Why was this important for the outbreak response?
Our initial findings were shared in real time with the Nigerian CDC (Centers for Disease Control) and others and helped to alleviate concerns about the role of human-to-human transmission or a new or more virulent strain in driving the increase in cases. This knowledge helped guide the public health response to the outbreak.
“From each outbreak, we take away lessons that help us learn and, hopefully, respond better.”
Lassa fever is a very serious infectious disease. How might your study affect future outbreaks, whether caused by Lassa or other viruses?
We believe this work is a model for the value of local genomic surveillance and response to outbreaks. Lassa fever is endemic to Nigeria, with a peak in cases occurring each year during the dry season. As the next Lassa season approaches, we are expanding our sequencing work in Nigeria to monitor the virus and detect any changes in its genome, as well as other circulating viruses that cause similar symptoms.
The genomes analyzed in this study are also helping us design improved diagnostics for Lassa virus. Lassa is very genetically diverse, which makes designing sensitive diagnostics challenging. For example, we are currently using these genomes to develop optimized guides for a CRISPR-based diagnostic tool that could be a low-cost alternative to existing methods.

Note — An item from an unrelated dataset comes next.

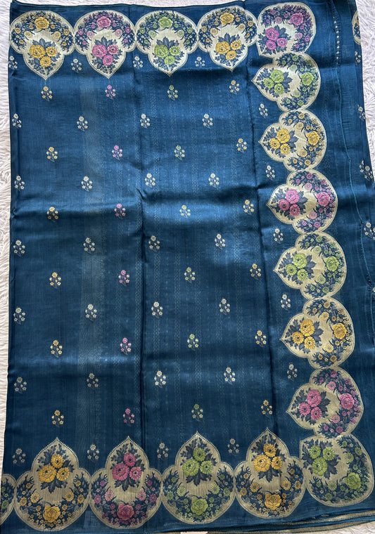 Semi Tussar Tissue Saree Sea Blue colored complemented with a Zari Border.
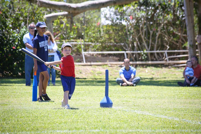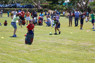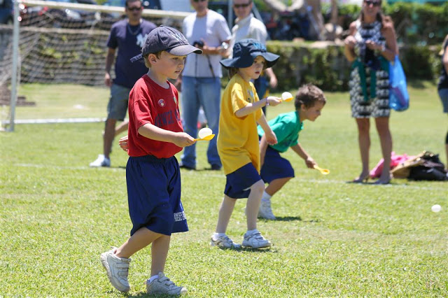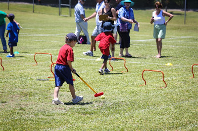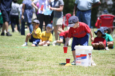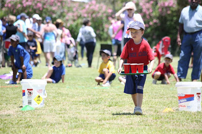 Josh did pretty well today, he had lots of fun and his best finish was a 2nd place in the egg balancing race. His best event he saved for last – it was basically tee-ball! Each kid had two hits to see who could hit the furthest, there were lines on the ground that indicated a point value. He smacked that tennis ball good and far for his team!

The techniques we used in this study were not specific to Lassa virus, though. This was valuable, as it allowed us to rule out other viral infections in the cases we tested, and it means that the same approaches are applicable to other viruses and could be readily used elsewhere. Similarly, our software for analyzing the data has been used extensively to study Ebola, Lassa, Zika, and other viruses and is freely available for use in other outbreaks.
There’s an ongoing outbreak of Ebola, another hemorrhagic illness, in the DRC. Could research like yours be helpful? What are we learning from these outbreaks?
Since the West African Ebola outbreak in 2014–16, the value of genomic data in outbreak situations is becoming increasingly recognized. In the case of the DRC outbreak, genomics can tell us whether the Ebola virus looks like the viruses previously observed in the DRC or was introduced from another region, which could help inform control measures. There have been some insights from genome sequencing from this outbreak: A preliminary report suggested that the outbreak in North Kivu was genetically distinct from that in Equateur in May 2018, and more information is eagerly anticipated to better understand this outbreak.
From each outbreak, we take away lessons that help us learn and, hopefully, respond better. In Nigeria, the Nigerian CDC recognized quickly the importance of genomic data and what it could bring to their response. Moreover, we believe this work underscores the importance of building local capacity for data generation and analysis as well as strong partnerships so that regions at higher risk for outbreaks, like Nigeria, can be better prepared to respond.